Сёма закатил глаза — ну какие страшилки! Хотя его истории когда-то были самыми страшными в пришкольном лагере. Он просто пересказывал то, что в детстве услышал от бабушки — а ребята потом неделями с опаской поглядывали то на воду в бассейне, то на густо заросший парк. Вожатые сильно ругались и уверяли, что водяные и лешие водятся только в настоящих озёрах и чащах. Убедить ораву третьеклассников в том, что водяных и леших нет вовсе, им не удавалось.

Чего уж там — даже сам Сёма иногда замирал на мгновение, прежде чем сунуть ногу в воду. Он, конечно, своих же историй не боялся, но мало ли что?

— …или чем вы там сейчас занимаетесь, — продолжала бабушка, уже снявшая верхнюю одежду. — Ну, чего дома-то сидеть?!

Ответа на этот вопрос у Сёмы не нашлось.
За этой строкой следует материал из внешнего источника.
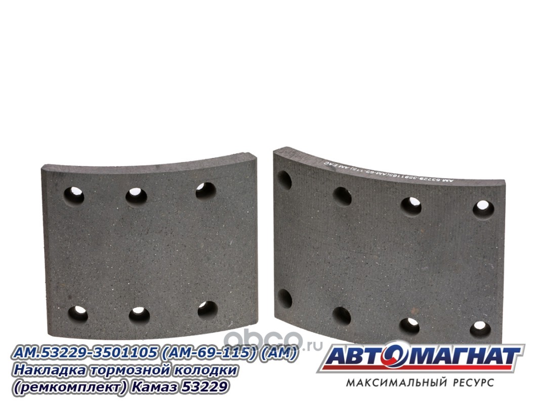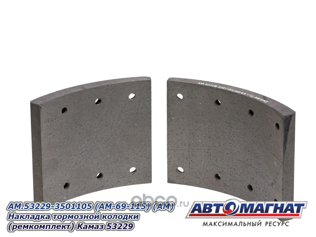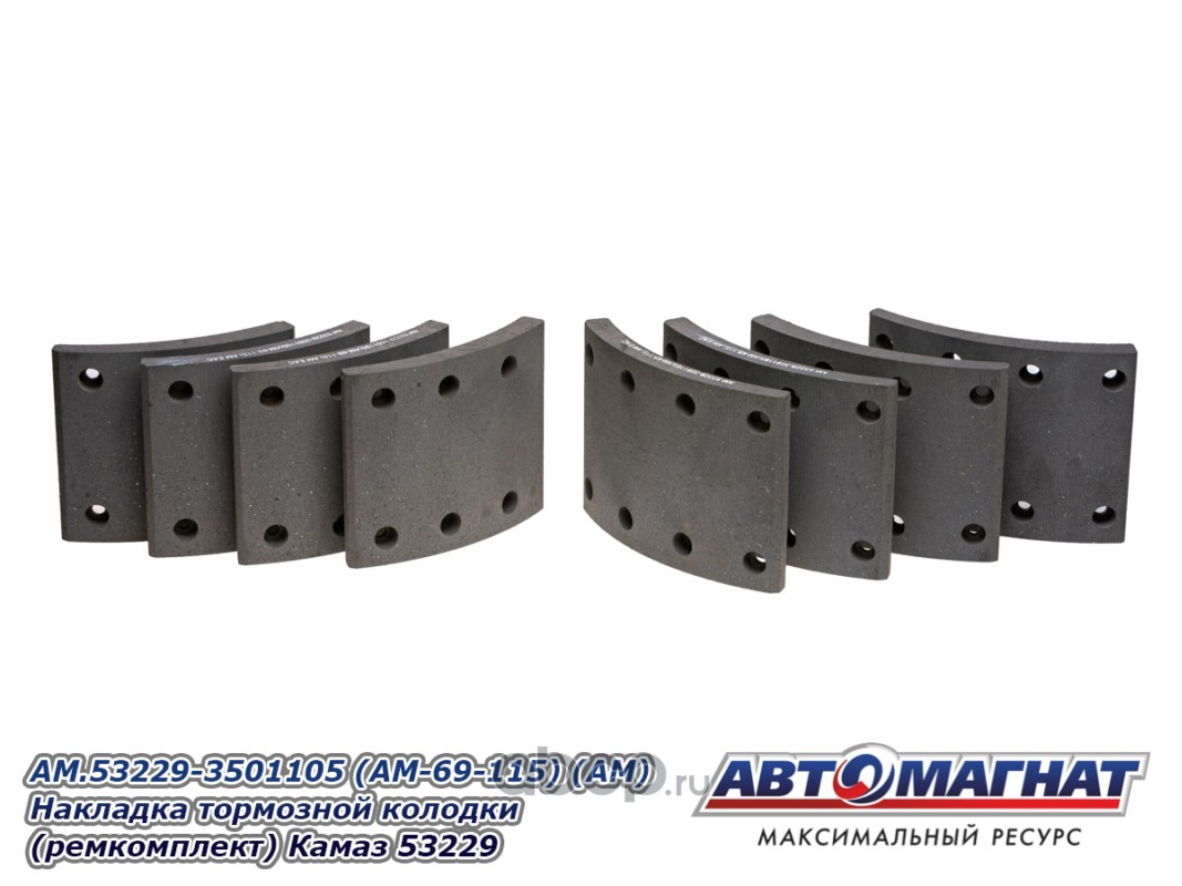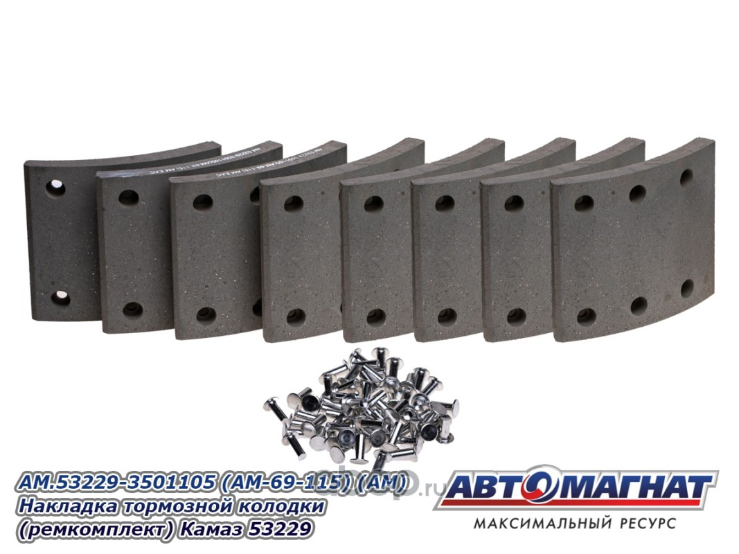 Накладка тормозной колодки (ремкомплект) Камаз 53229 (сверленая, расточенная, комплект 8 штук: 4 коротких + 4 длинных, алюминиевые заклепки,)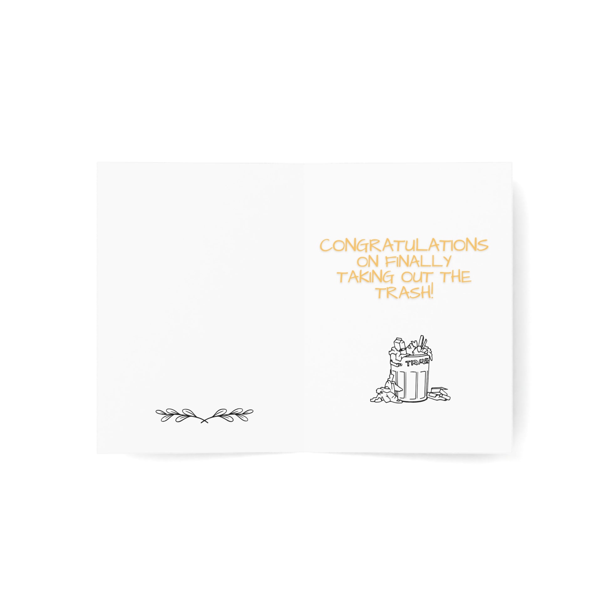 Celebrate a loved one's triumphant escape from a toxic relationship with our captivating Congratulations Greeting Card! With the clever phrase "Congratulations on finally taking out the trash!" displayed prominently, this card conveys heartfelt support and admiration for their courageous decision.

Что дома, что на улице было одинаково скучно и, чего уж там, одиноко. Спорить с бабушкой не было смысла, так что он ещё раз вздохнул — на этот раз тихонько, но всё так же тоскливо — и поплёлся в прихожую натягивать курточку.

— Только далеко не отходи, — наставляла его бабушка. — Не дальше площадки.

— Лааадно, — протянул Сёма, будто делая одолжение, хотя на самом деле никуда больше и не собирался. — Я ненадолго.

Бабушка только покивала ему вслед и притворила дверь.

Сёма оказался прав: на улице и правда была холодрыга.

Едва выйдя наружу, он тут же оглянулся на дом — но не решился сразу же идти обратно. Потерев уже наверняка покрасневший нос, Сёма повыше подтянул шарфик и поплёлся на детскую площадку.

С городской она, конечно, не шла ни в какое сравнение. Если дома Сёма мог лазать по турникетам, кататься на горке в виде сказочного терема, качаться на деревянном богатырском коне и прыгать по пенькам к избушке на курьих ножках, то здесь…

Изо рта Сёмы вырвалось едва заметное облачко пара.

Ну, здесь площадка была маленькой, всего лишь какой-то пятачок. На нём уместилось немногое: песочница для малышей, металлическая качелька на двоих, один аттракцион-вертушка и пара обычных качелей — тех, на которых можно при желании сделать «солнышко». Чуть подальше, Сёма знал, можно было найти поле, которое использовали то под футбол, то под волейбол. Сейчас криков оттуда не доносилось, никто не играл.

Других детей вообще почти не было. Только на «вертушки» кружились двое мальчишек помладше, почти детсадовцы. Сёма посмотрел на них чуть свысока — ну вот о чём ему с ними разговаривать! — и прошёл мимо, плюхнулся на качель.

Раскачиваться сильно не хотелось. Он еле-еле оттолкнулся и поднял ноги повыше, чтобы не тормозить движение. Горизонт перед его глазами ушёл сначала вниз, потом — вверх.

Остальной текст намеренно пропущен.